Reputation: 111
I have 5 tables which I would like to find some combinations that fulfills some requirements. I could easily solve the data below by using matrix multiplication to create all possible combinations and afterwards selecting rows that fulfills my needs. The problem is that my original problem consist of 5 tables with 200 rows each. Which requires a couple of hundred gb of ram if generating all possible combinations.
So I tried this instead:
x1 <- seq(1,10,1)
x2 <- seq(5,15,3)
x3 <- seq(2,11,1)
x4 <- seq(1,5,1)
x5 <- seq(1,20,2)
Which should fulfill: x1 < x2 and x1 < x3.
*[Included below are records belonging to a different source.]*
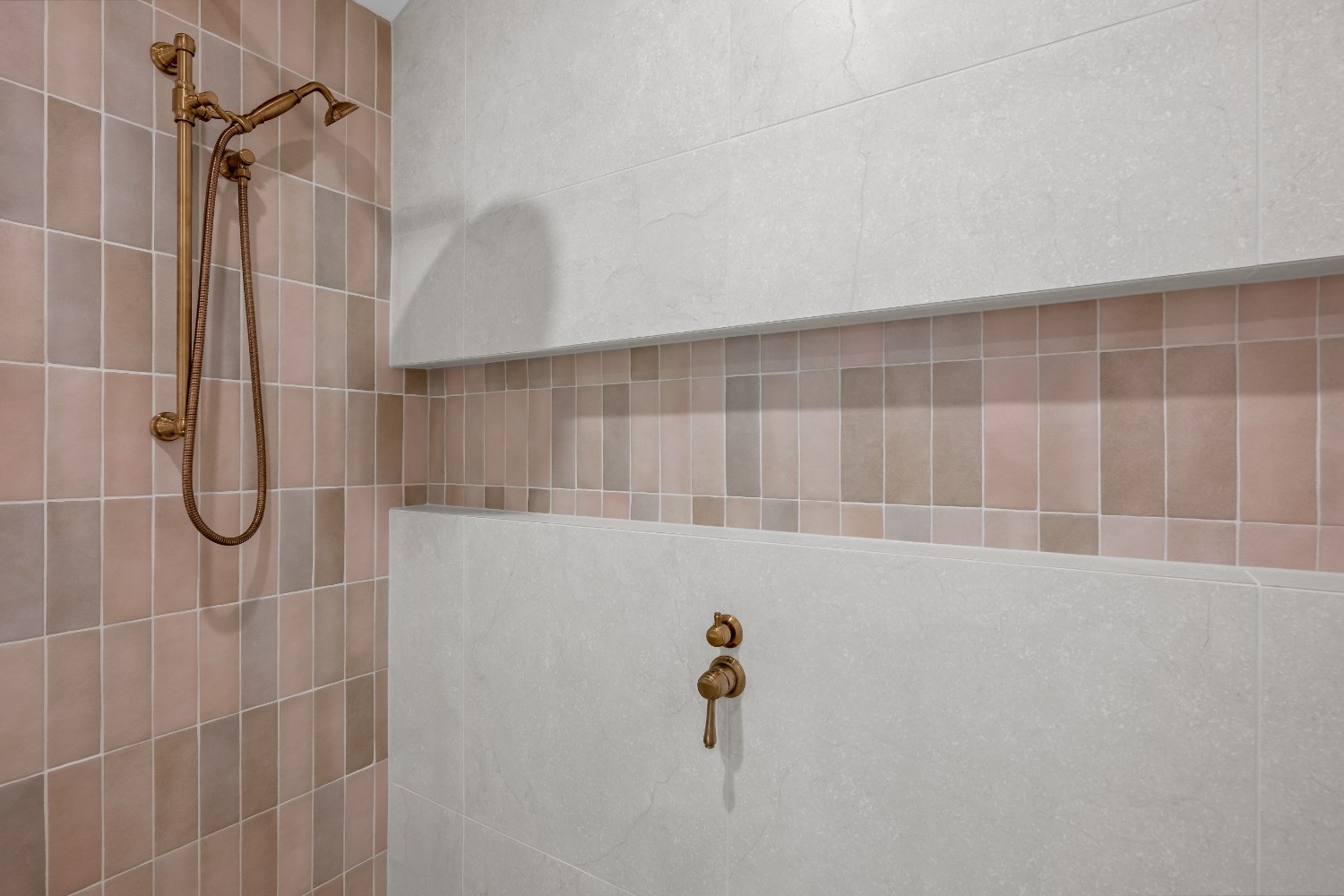 The unique feature wall, adorned with carefully arranged rectangular tiles, creates an eye-catching focal point while enhancing the spacious feel of the room. The high-quality brass fixtures and fittings, including the tapware and towel racks, inject a sense of timeless luxury, harmonizing with the soft hues of the tiles and cabinetry.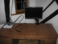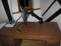 Samozřejmě jem místo na stole není jediným důvodem. Rovnou tím řeším další dvě věci. Jednak monitor na stole láká děti a to poslední, co potřebuji, je monitor na zemi, nejlépe rozbitý. Třetí důvod je pak možnost jednoduše a rychle vytočit monitor tak, aby byl směrem na postel, odkud děti koukají na pohádky.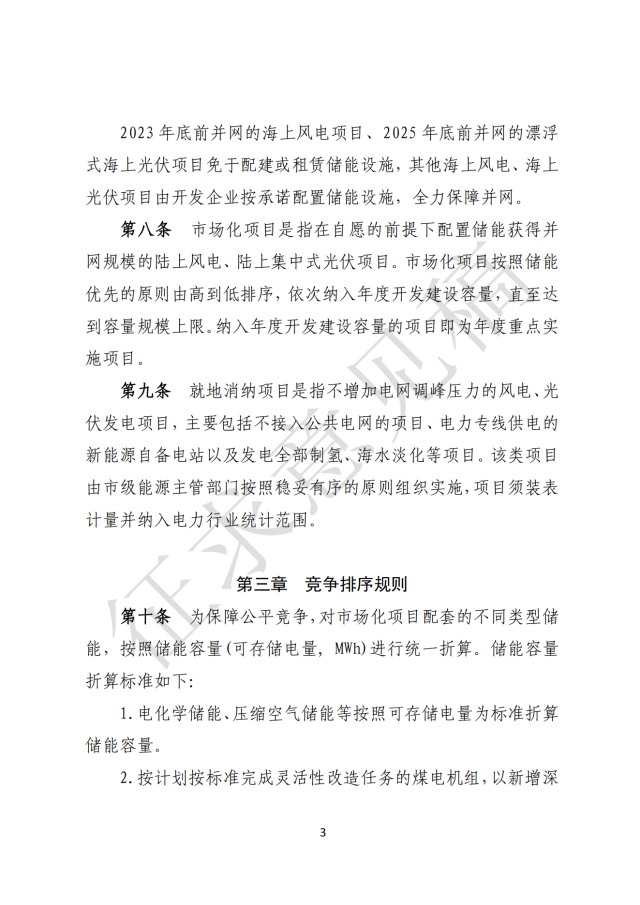 對市場化項(xiàng)目,按照儲能容量比例、儲能方式等因素,由高到低通過競爭排序獲得并網(wǎng)資格。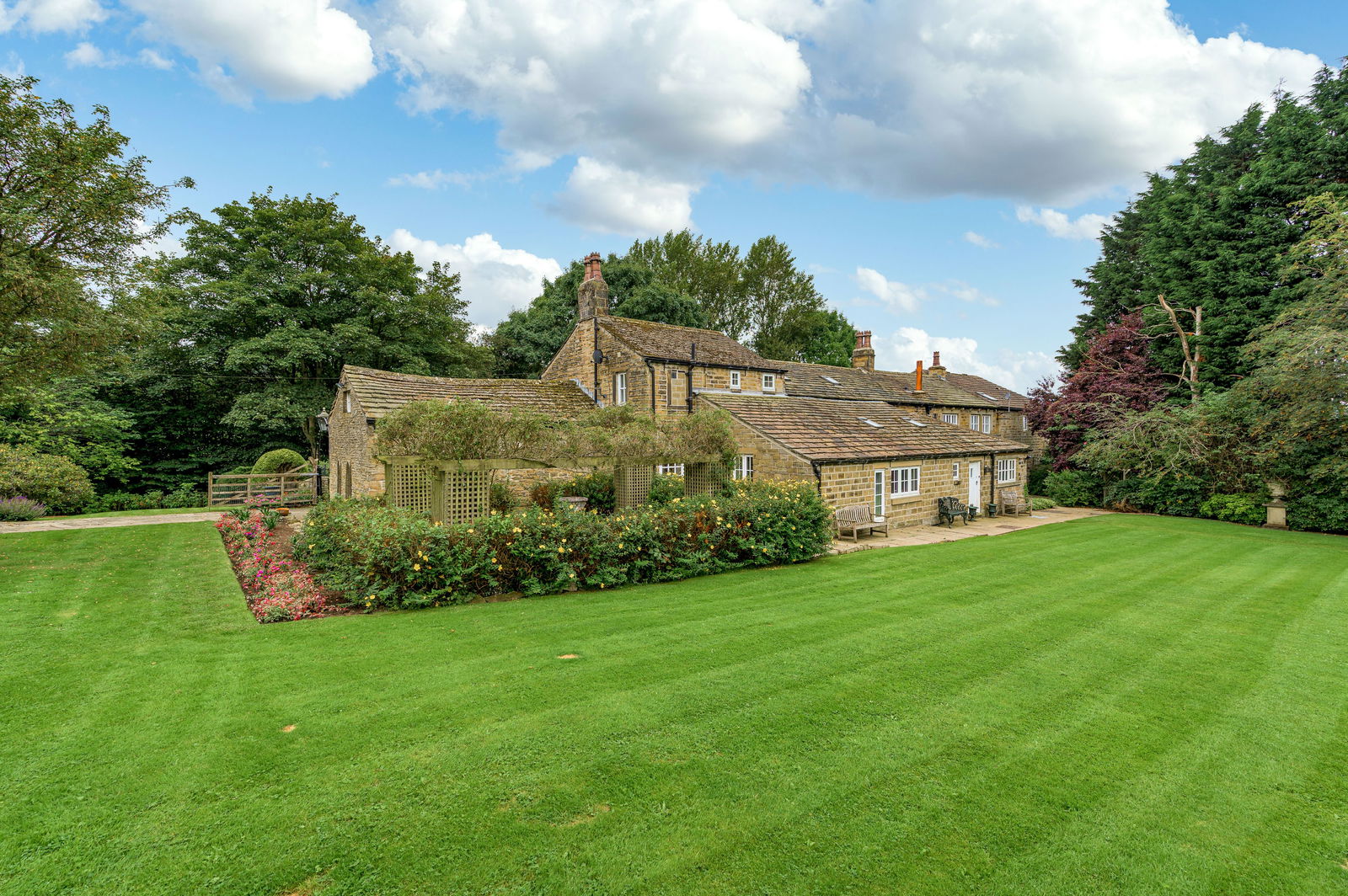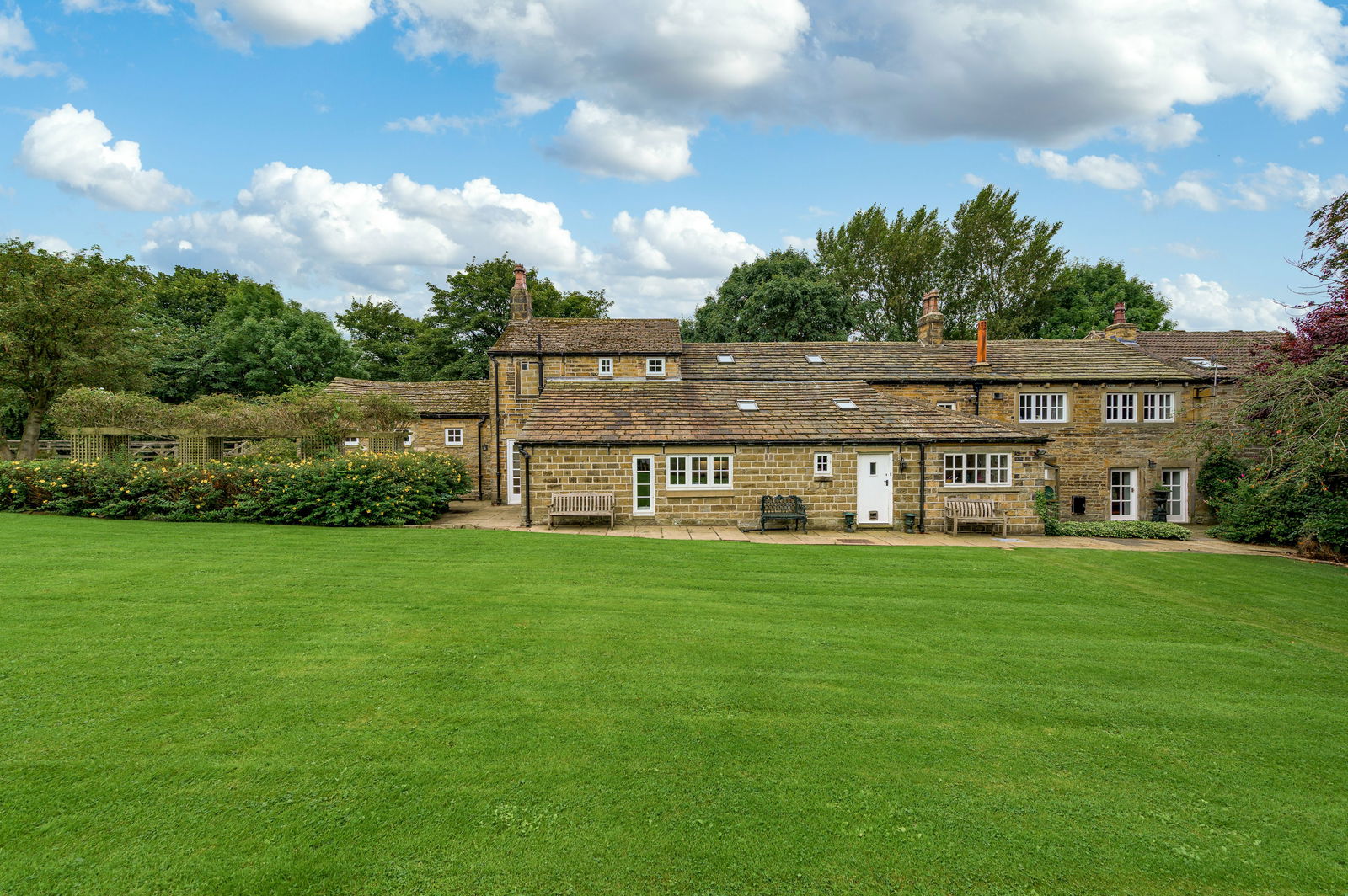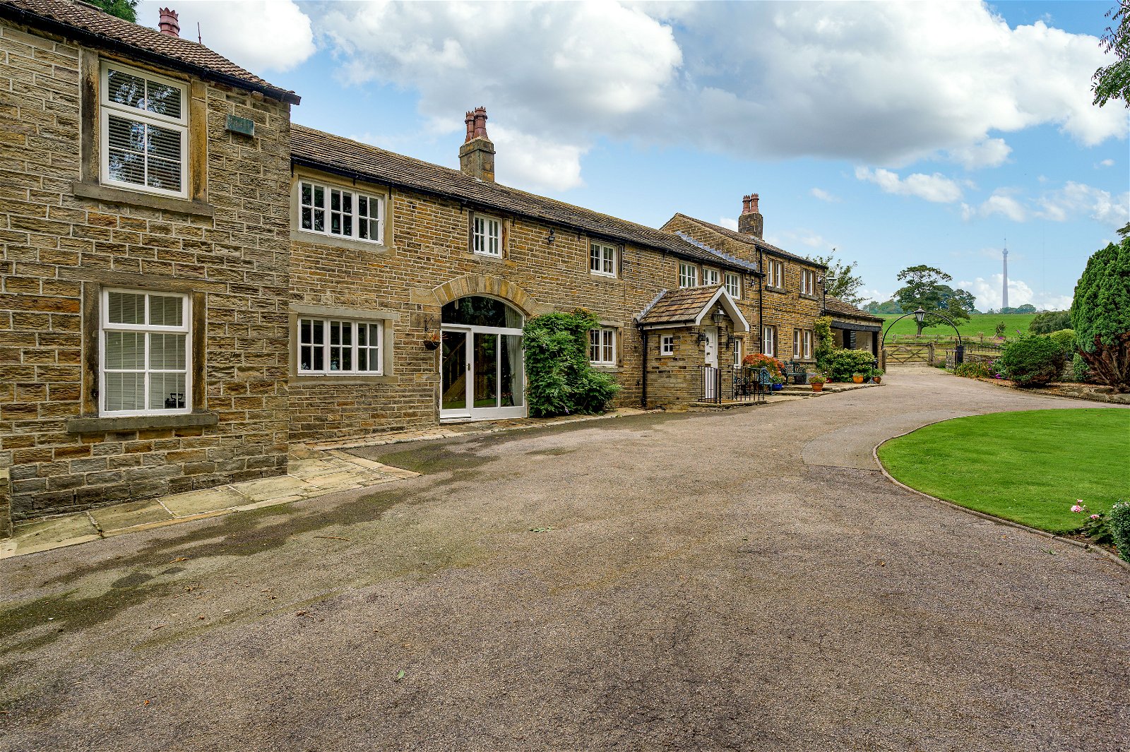 A handsome, stone property located in a private and tranquil setting of just over five acres surrounded by beautiful Pennine countryside yet just under a mile from the thriving village of Kirkburton. This six-bedroom period property has been sympathetically renovated throughout with a conversion of the adjoining barn to provide spacious and versatile accommodation, suitable for multigenerational living. With mature gardens, terraces, a stream, an orchard and superb equestrian facilities including paddocks, a menage and stabling, Folly Hall offers the most delightful outdoors lifestyle.

nm <- data.frame(matrix(NA,1,5))
for(a in 1:length(x1)){
for(s in 1:length(x2)){
for(d in 1:length(x3)){
for(f in 1:length(x4)){
for(g in 1:length(x5)){
l1 <- x1[a]
l2 <- x2[s]
if(l1 < l2){
l3 <- x3[d]
if(l1 < l3){
l4 <- x4[f]
l5 <- x5[g]
fy <- c()
fy[1] <- l1
fy[2] <- l2
fy[3] <- l3
fy[4] <- l4
fy[5] <- l5
nm <- rbind(nm, fy)
}}}}}}}
In my original problem I have more if statements, which I hope will increase speed. But I have had it running for about 24hours now, and still not done. The above problem takes me about 10s which makes me think its stuck.
Upvotes: 0
Views: 60
Reputation: 132969
Two problems:
The huge problem is that you grow an object in a loop. This is the slowest operation possible since there is huge OS overhead involved. You need to preallocate the object and only grow it in chunks as necessary.
The medium problem is that you use a data.frame to store the results. Data.frames are useful, but slow. Use a matrix instead.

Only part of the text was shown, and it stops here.